TRIP: An Ultra-Low Latency, TeraOps/s Reconfigurable Inference Processor for Multi-Layer Perceptrons
Abstract: The multi-layer perceptron (MLP) is one of the most commonly deployed deep neural networks, representing 61% of the workload in Google data centers. MLPs have low arithmetic intensity, which results in memory bottlenecks. To the best of our knowledge, the Google Tensor Processing Unit (TPU) is the state-of-the-art implementation of MLP inference. TPU addresses the memory bound by processing multiple test vectors simultaneously to increase operations per weight byte loaded from DRAM. However, inference typically has hard response time deadlines and prefers latency over throughput. As a result, waiting for sufficient input vectors to get good performance is not feasible.

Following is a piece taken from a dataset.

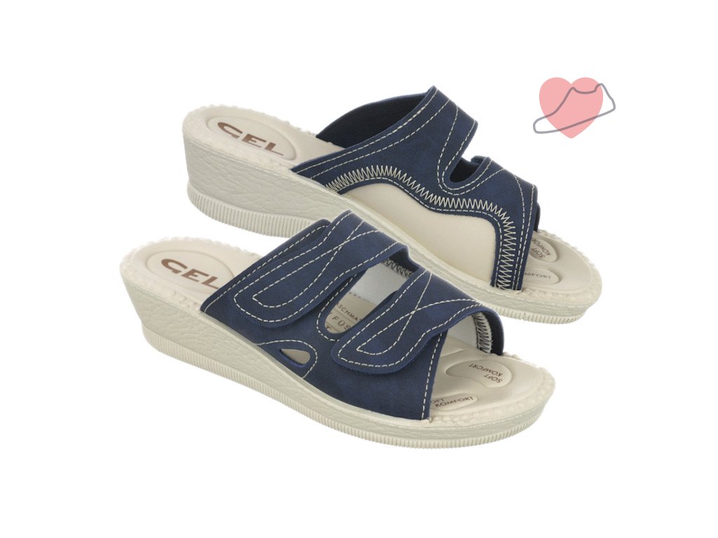 Dámské gelové pantofle mají měkkou gelovou stélku, která tlumí každý došlap chodidla. Jsou proto skvělou volbou jako letní vycházková obuv, ale i jako přezuvky na doma nebo do práce. Dotažení na dva suché zipy. Z vnitřní strany jsou pantofle opatřeny strečovou tkaninou, pro vynikající pohodlí pro lidi s různými deformitami chodidel - zejména pro stav "Hallux Valgus", lidově známý jako "vbočené palce".

In this work, we designed a TeraOps/s Reconfigurable Inference Processor (TRIP) for MLPs on FPGAs that alleviates the memory bound by storing all weights on chip and ensures performance is invariant of input batch size. For large databases that cannot directly fit on chip, deep compression relaxes memory footprint requirements with no effect on accuracy. TRIP can be deployed as a stand-alone device directly connected to data acquisition devices, as a co-processor where input vectors are supplied through OpenCL wrappers from the host machine, as well as in a cluster configuration where on-chip transceivers can communicate between FPGAs. By comparison, TPU can only be used in a co-processor configuration. Our design achieved 3.0 TeraOps/s and 1.49 TeraOps/s on Altera Arria 10 for stand-alone/cluster and co-processor configurations respectively, making it the fastest real-time inference processor for MLPs.
Bios: Chen Yang is a Ph.D. student in electrical and computer engineering at Boston University. His research focus is on FPGA-based reconfigurable architecture design for a variety of applications. He received his M.S. degree in computer engineering and B.E. degree in electrical engineering at from the University of Florida and Wuhan University, respectively.
Ahmed Sanaullah is pursuing his Ph.D. in computer engineering from Boston University. His area of specialization is scalable and reconfigurable high-performance computing in clouds and clusters. He received his masters degree in electrical and electronic engineering from the University of Nottingham.